Other objectives of interest

Although efficacy objectives were not specified in the protocol for the open-label extension, it
was of interest to evaluate long-term efficacy of rosuvastatin. Thus, efficacy endpoints from
the main period were provided in the statistical analysis plan for the extension period in order
to address key questions about long-term efficacy for this open-label extension period,
namely:

• The effect of rosuvastatin on low-density lipoprotein cholesterol (LDL-C),
  high-density lipoprotein cholesterol (HDL-C), total cholesterol (TC) and
  triglycerides (TG) 
• Achievement of National Cholesterol Education Programme Adult Treatment Panel
  III (NCEP ATP III) guideline treatment LDL-C target goal
• Achievement of NCEP ATP III guideline treatment nonHDL-C target goal for
  patients with high TG (³ 200 mg/dL [2.26 mmol/L])
• Achievement of (Joint) European Atherosclerosis Society (EAS) LDL-C target goal
• Achievement of optimal LDL-C target goal <100 mg/dL (2.59 mmol/L)
• Modifying glucose and insulin resistance.
  

METHODS

Study design

This was a multicentre study conducted in non-diabetic, non-atherosclerotic patients with
metabolic syndrome, elevated LDL-C and a 10-year risk for coronary heart disease (CHD) of
>10%, comprising:

• A 4-week dietary lead-in period, followed by
• A main (randomised) 12-week, 2-period, 3-arm, parallel group, double-blind,
  double-dummy, randomised, force-titration period comparing the efficacy and
  safety of rosuvastatin with atorvastatin and placebo, and
• An optional open-label extension period (non-fixed duration).

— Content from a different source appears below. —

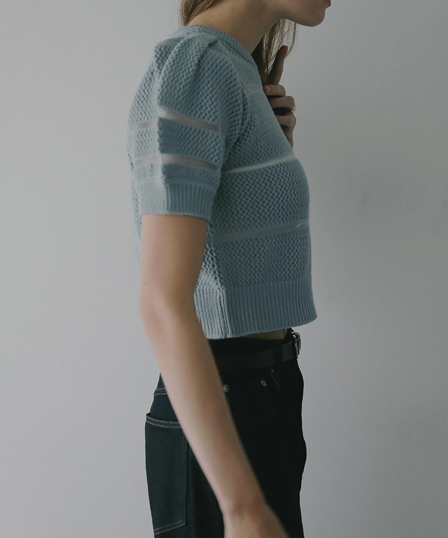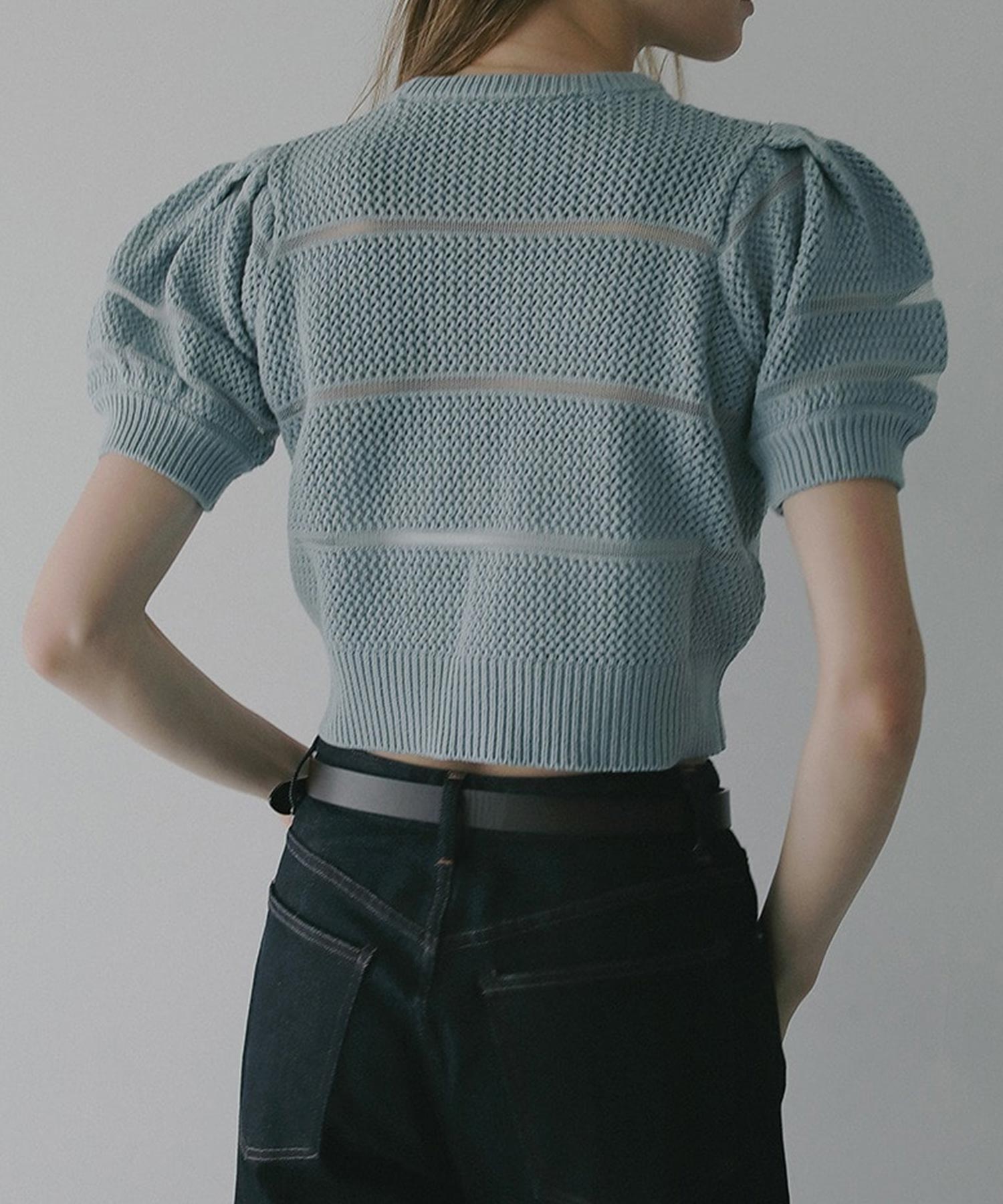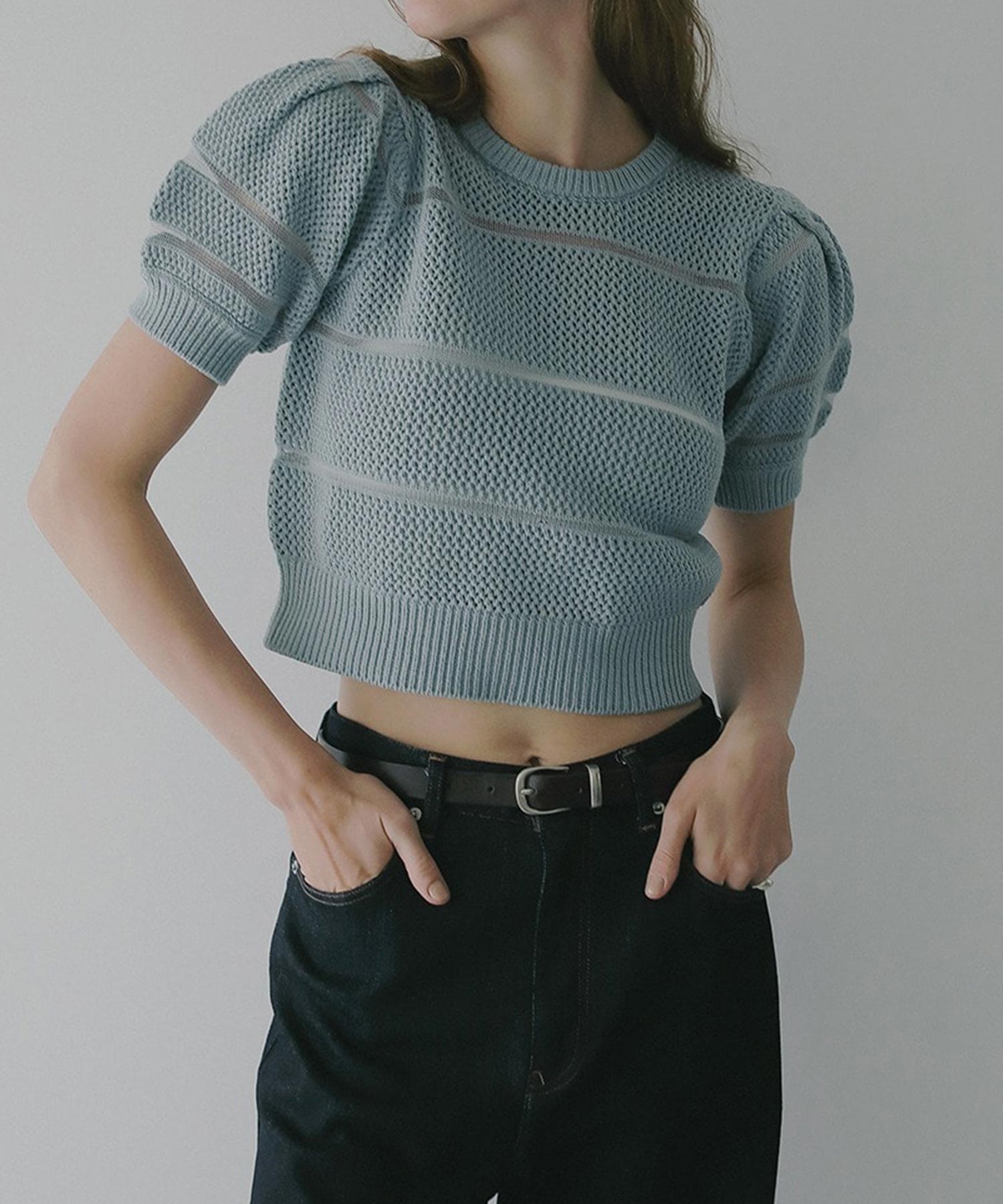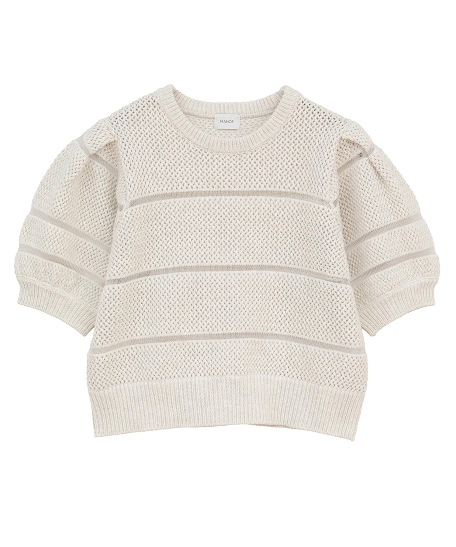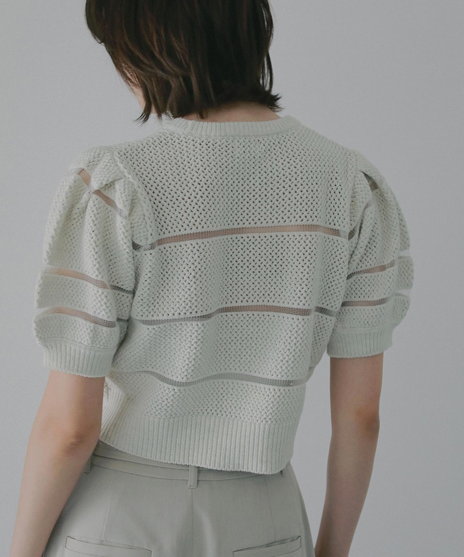 透かし編みにシアー切り替えのボーダーを加えた、軽やかなショート丈ニットトップス。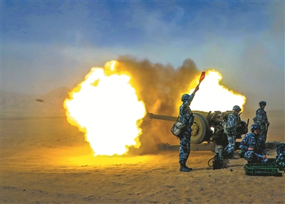 圖⑤:炮兵分隊開展火力打擊演練。

Patients who successfully completed the 12 weeks of randomised treatment in the main period
of the study had the option of entering the open-label extension period and were initially
treated with rosuvastatin 20 mg. If necessary, patients were dose-titrated in order to meet their
target NCEP LDL-C and nonHDL-C goals, according to their risk category. They were also
back-titrated if thought appropriate by the investigator.

The last visit of the main period was the first visit of the extension period (Week 12, Visit 5).
Patients were initially administered rosuvastatin 20 mg for 6 weeks and were then titrated to
rosuvastatin 40 mg if they failed to achieve their NCEP ATP III LDL-C and nonHDL-C target
goals, or continued on rosuvastatin 20 mg if lipid target goals were achieved. If patients failed
to achieve their lipid target goals after 6 weeks of rosuvastatin 40 mg treatment, they were
either discontinued or continued with other permitted lipid-lowering therapy (excluding
gemfibrozil) co-administered with their rosuvastatin 40 mg treatment. During the open-label
extension period, rosuvastatin could be down-titrated to the next lowest dose for safety or
efficacy reasons (see duration of treatment for a further description of titration).

Target patient population and sample size
The study population in the main period was defined by the selection criteria at study entry:
namely, male and female patients, aged 18 years or older, with metabolic syndrome (as
defined by the NCEP-ATP III guidelines), plus a raised LDL-C (³ 130 mg/dL [3.36 mmol/L]).
Patients had multiple risk factors that conferred a 10-year risk score >10% for CHD, without
CHD or other atherosclerotic disease (as defined by NCEP-ATP III). Diabetic patients were
excluded and all patients were statin-naïve.

 
In order to enter the extension period, patients had to complete the main treatment period.
The sample size of the extension period was therefore dependent on the number of patients
completing the main period of the study. No separate inclusion/exclusion criteria were
assessed before entering the extension period. Patients completing the main period of the
study were given the option to enter the extension period

Investigational product and comparator(s): dosage, mode of administration and batch
numbers

Duration and titration of treatment
At the end of the 4-week, dietary lead-in period, eligible patients who entered the main period
were randomised at Visit 3 (Week 0) to 1 of 3 treatment groups: rosuvastatin 10 mg,
atorvastatin 10 mg or placebo for 6 weeks of treatment (Period 1 of the main period). Patients
were then force-titrated to receive rosuvastatin 20 mg (if they initially received
rosuvastatin 10 mg or placebo) or atorvastatin 20 mg (if they initially received
atorvastatin 10 mg), for a further 6 weeks (Period 2).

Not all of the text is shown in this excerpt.